RECORDS FOR THE TASK:
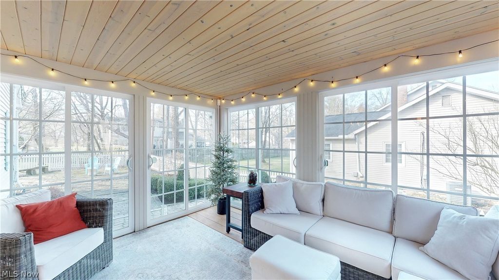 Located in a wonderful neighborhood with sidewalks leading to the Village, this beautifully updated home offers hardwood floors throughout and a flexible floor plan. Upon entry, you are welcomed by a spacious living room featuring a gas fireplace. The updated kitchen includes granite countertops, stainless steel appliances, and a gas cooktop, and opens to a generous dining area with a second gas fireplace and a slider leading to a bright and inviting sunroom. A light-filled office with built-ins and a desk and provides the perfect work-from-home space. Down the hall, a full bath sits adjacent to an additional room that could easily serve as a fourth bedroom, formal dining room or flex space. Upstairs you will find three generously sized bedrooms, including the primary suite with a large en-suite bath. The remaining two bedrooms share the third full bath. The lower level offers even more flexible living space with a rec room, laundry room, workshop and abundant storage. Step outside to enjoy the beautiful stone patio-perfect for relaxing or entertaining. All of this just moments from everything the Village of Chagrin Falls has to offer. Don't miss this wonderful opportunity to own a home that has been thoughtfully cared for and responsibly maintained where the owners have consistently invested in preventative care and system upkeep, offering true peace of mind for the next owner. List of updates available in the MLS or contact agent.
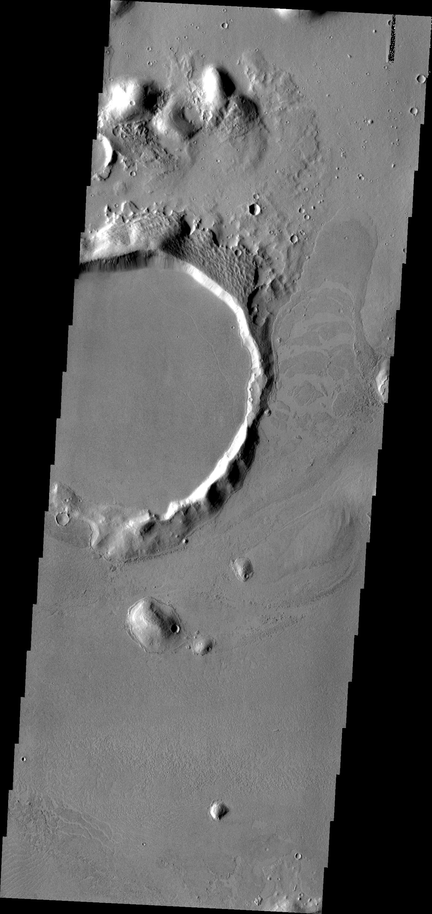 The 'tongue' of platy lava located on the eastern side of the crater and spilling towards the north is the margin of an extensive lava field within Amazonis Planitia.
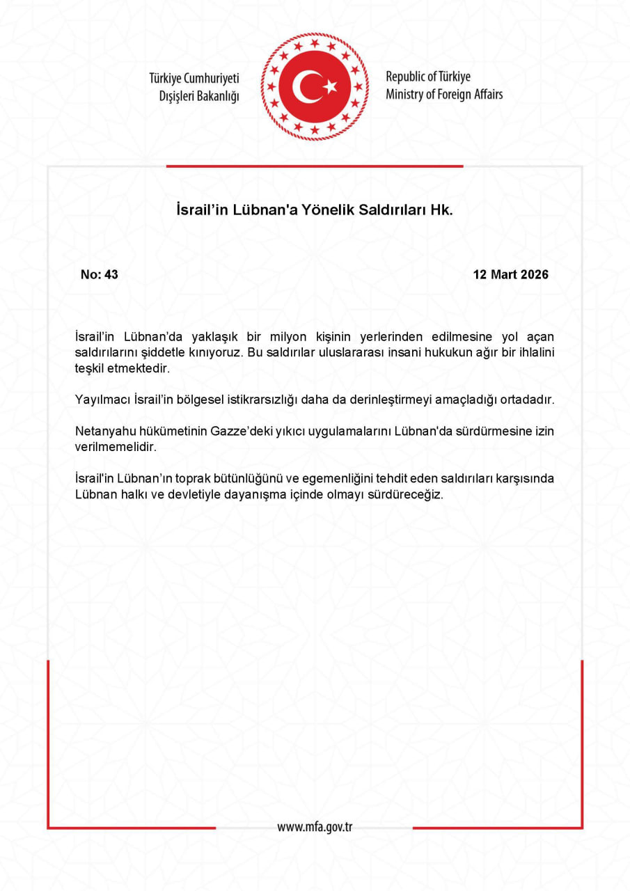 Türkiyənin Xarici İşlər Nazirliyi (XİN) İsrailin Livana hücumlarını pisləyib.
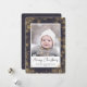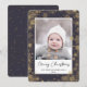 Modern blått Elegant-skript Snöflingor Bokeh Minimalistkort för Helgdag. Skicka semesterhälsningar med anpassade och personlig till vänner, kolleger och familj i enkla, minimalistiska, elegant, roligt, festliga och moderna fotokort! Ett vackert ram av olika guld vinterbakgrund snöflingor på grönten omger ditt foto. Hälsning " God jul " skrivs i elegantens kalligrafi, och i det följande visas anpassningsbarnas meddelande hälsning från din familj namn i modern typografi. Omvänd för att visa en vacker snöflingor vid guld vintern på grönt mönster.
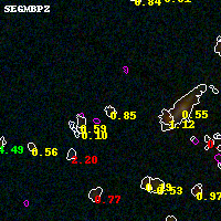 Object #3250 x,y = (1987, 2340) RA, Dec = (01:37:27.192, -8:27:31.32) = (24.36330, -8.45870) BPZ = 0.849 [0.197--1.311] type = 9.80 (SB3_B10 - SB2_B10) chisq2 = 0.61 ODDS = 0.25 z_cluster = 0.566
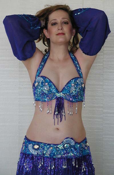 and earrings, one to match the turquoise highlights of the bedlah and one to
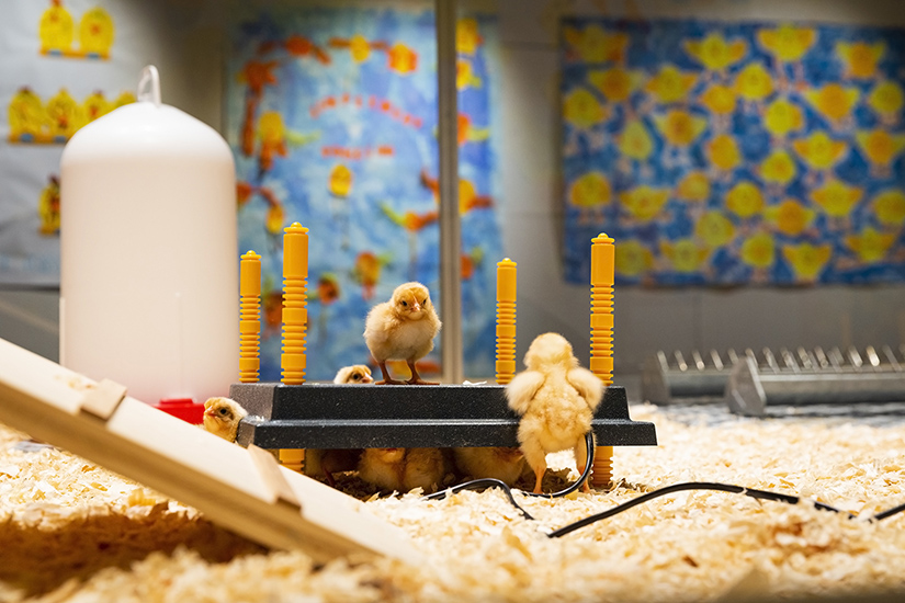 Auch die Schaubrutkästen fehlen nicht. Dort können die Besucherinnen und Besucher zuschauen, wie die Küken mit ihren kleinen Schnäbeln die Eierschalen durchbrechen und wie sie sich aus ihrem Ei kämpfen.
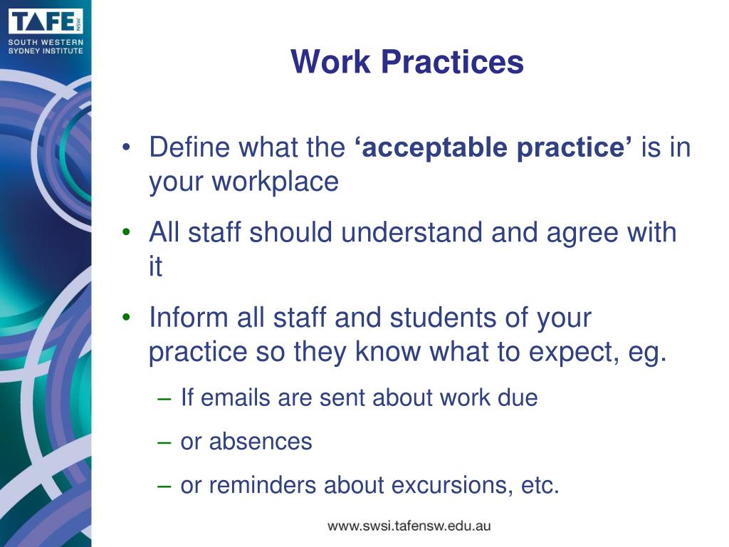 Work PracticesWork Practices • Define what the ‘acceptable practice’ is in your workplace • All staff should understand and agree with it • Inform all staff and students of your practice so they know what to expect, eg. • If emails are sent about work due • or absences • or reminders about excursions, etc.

WORK TO BE COMPLETED: Extract from the material above the stretch running from the line containing "The 'tongue' of" through the line containing "Object #3250 x,y". Keep the text exact and the pictures out.

EXERCISE SOLUTION:
 The 'tongue' of platy lava located on the eastern side of the crater and spilling towards the north is the margin of an extensive lava field within Amazonis Planitia.
 Türkiyənin Xarici İşlər Nazirliyi (XİN) İsrailin Livana hücumlarını pisləyib.
 Modern blått Elegant-skript Snöflingor Bokeh Minimalistkort för Helgdag. Skicka semesterhälsningar med anpassade och personlig till vänner, kolleger och familj i enkla, minimalistiska, elegant, roligt, festliga och moderna fotokort! Ett vackert ram av olika guld vinterbakgrund snöflingor på grönten omger ditt foto. Hälsning " God jul " skrivs i elegantens kalligrafi, och i det följande visas anpassningsbarnas meddelande hälsning från din familj namn i modern typografi. Omvänd för att visa en vacker snöflingor vid guld vintern på grönt mönster.
 Object #3250 x,y = (1987, 2340) RA, Dec = (01:37:27.192, -8:27:31.32) = (24.36330, -8.45870) BPZ = 0.849 [0.197--1.311] type = 9.80 (SB3_B10 - SB2_B10) chisq2 = 0.61 ODDS = 0.25 z_cluster = 0.566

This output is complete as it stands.